# I H A T E W O R K ! ! !



## Gator_Nutz (Sep 27, 2006)

I have already worked 70 hours this week and now I have to work 12 hour shifts Saturday and Sunday before starting a whole new crappy week on Monday. I absolutely hate my job and everyone associated with it. This is me sitting happily at my desk. The picture is not from today but many months ago but the feeling is still the same.


----------



## Baystlth1 (Sep 26, 2006)

What do you do and where do you do it?


----------



## MT Stringer (May 21, 2004)

Me too, James. To resovle the issue, I retired! 

But, I'm still working all weekend, just at a different job. I'll be in Katy shooting a Little League Tournament.  

Mike


----------



## Wedge (Apr 29, 2005)

I hated my job and retired when I was first eligible. Made better (way better) in starting a second career while enjoying the bennies of the first retirement. Life is too short to be miserable.


----------



## Bevo&Pevo (Jul 22, 2008)

I only really hate when I have to work 16 or so hrs unexpectedly. Or when I have to really go work and do something. But sitting down in my office 5 miles from Bastrop Bayou and drinking their coffee and soaking up their AC and spending their $$$$ to ride around the county, that part ain't so bad. Probably didn't make ya' feel any better. But we do have an opening here. BTW guy I really enjoy the pictures you take. You do a fine job.


----------



## Gator_Nutz (Sep 27, 2006)

Thanks for the words guys. Sitting in the office by the bayou sipping coffee under the A/C and driving around a little sounds like something I could excel at. I am a Process Engineer for a local manufacturing company. We do plastic injection molding of mostly electronics, computer, communications, and automotive parts. I am extremely open to changing careers however so feel free to let me know about ANY available positions. You are also correct about it not being worth it ifit makes you miserable. I am in no way afraid of work and have always done more than my fair share. For the past six months though we have been in a downward spiral and I have lost 6 of my 9 technicians. They have not been replaced and me and the other three that are left have been forced to pick up the slack and work rediculous hours. I have just about had it and can't do it much longer. Sorry to vent but it just gets me PO'd thinking about what they are doing. I guarantee you the high up muckkity mucks are not here with me. Anyway, you guys at least have a great weekend and catch some fish, cook some ribs, drink some brews, and spend some good quality time with family and friends. That is what we are supposed to do. Maybe next weekend I will get the chance again.
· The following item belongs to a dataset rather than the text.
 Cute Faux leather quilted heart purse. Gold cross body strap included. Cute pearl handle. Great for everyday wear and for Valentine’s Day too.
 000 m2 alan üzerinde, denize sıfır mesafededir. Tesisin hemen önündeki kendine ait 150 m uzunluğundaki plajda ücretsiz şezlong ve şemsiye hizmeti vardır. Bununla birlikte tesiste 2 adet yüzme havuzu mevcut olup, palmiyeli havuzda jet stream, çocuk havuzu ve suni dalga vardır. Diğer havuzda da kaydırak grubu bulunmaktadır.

Thanks too Bevo for the comment on my pics. That is what I truly enjoy doing


----------



## mastercylinder60 (Dec 18, 2005)

at least you get to wear t-shirts to work.


----------



## DCW (Aug 3, 2005)

So who do I call about this job opening?



Bevo&Pevo said:


> I only really hate when I have to work 16 or so hrs unexpectedly. Or when I have to really go work and do something. But sitting down in my office 5 miles from Bastrop Bayou and drinking their coffee and soaking up their AC and spending their $$$$ to ride around the county, that part ain't so bad. Probably didn't make ya' feel any better. But we do have an opening here. BTW guy I really enjoy the pictures you take. You do a fine job.


----------



## The Machine (Jun 4, 2007)

wow that is alot of hours, not replacing the other techs only makes matters worse, if they loose you then they are up the creek with no paddle


----------



## TexasCityDave (Mar 11, 2005)

I just finished my fourteenth twelve hour night shift in a row. Been working the the same place for just over 33 years. Many times over the years I've had spells of misery there.
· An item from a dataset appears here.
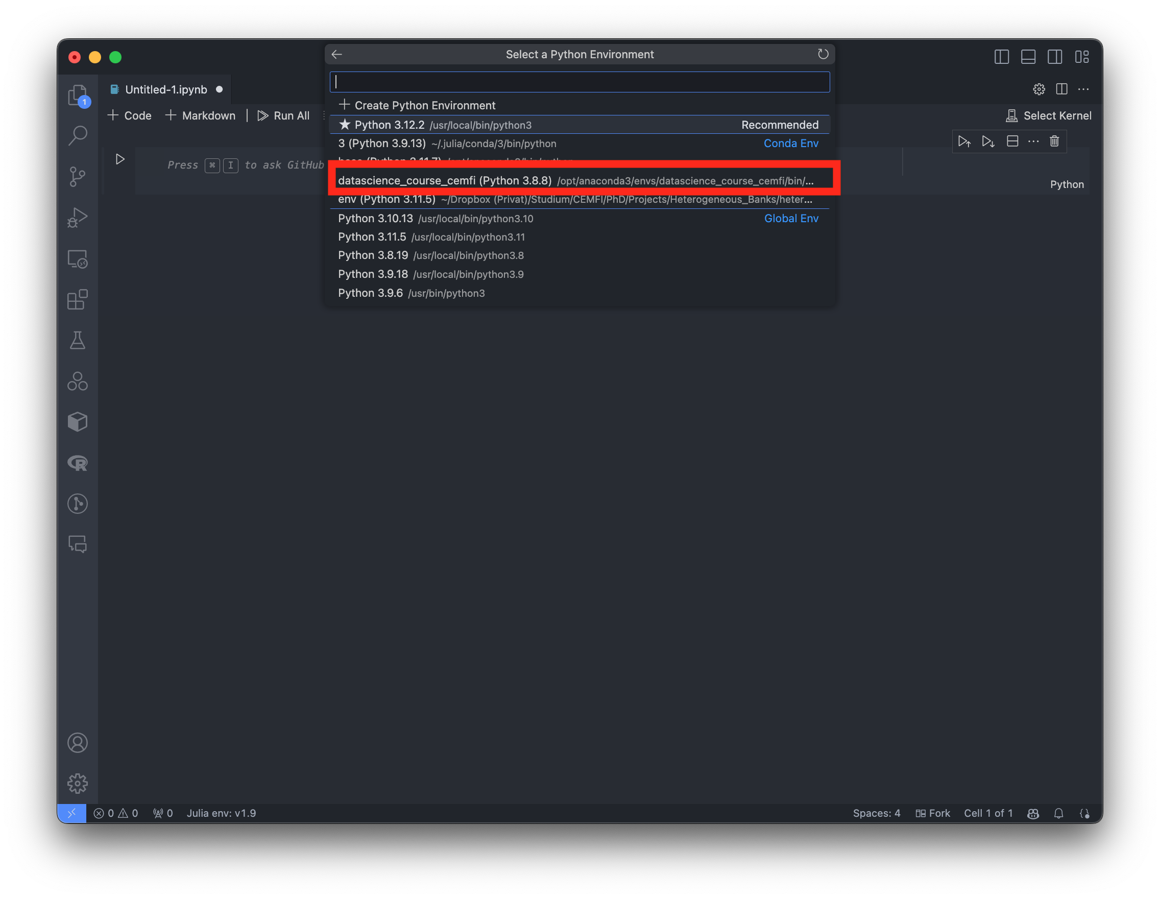 VSCode Jupyter Kernel Selection Run the first cell of the notebook by clicking on the

I keep remembering what my dad told me when I was griping about some funky job I had as a kid...."Nobody says you have to like your job son. You just have to "_have" one."_

Think he was telling me my feet were coming out from underneath his table soon.hwell:


----------



## Koru (Sep 25, 2006)

rosesm


----------



## richg99 (Aug 21, 2004)

Having spent a little time helping people assess their retirement prospects....I'd suggest that you sit down and do some number crunching. 

Once you get a REAL handle on how many more years/months/ weeks/days that it takes to get you where you want to be...then each tomorrow will be checked off.... just like you were putting money into the bank! 
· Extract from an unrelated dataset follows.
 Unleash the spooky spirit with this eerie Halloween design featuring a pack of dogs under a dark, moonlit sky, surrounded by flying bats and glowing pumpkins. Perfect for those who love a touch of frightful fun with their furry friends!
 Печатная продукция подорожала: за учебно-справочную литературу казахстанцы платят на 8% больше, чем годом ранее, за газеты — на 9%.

An endless path ahead is not conducive to good feelings.... for anybody. 

Some guys found out..that they could retire NOW; some found out that it only took a few more years; some found out that they had to work forever. I couldn't help the last bunch much...but... still....knowledge is power. 

Going to work every day KNOWING how many more days are necessary.... is a powerful tool. regards, Rich


----------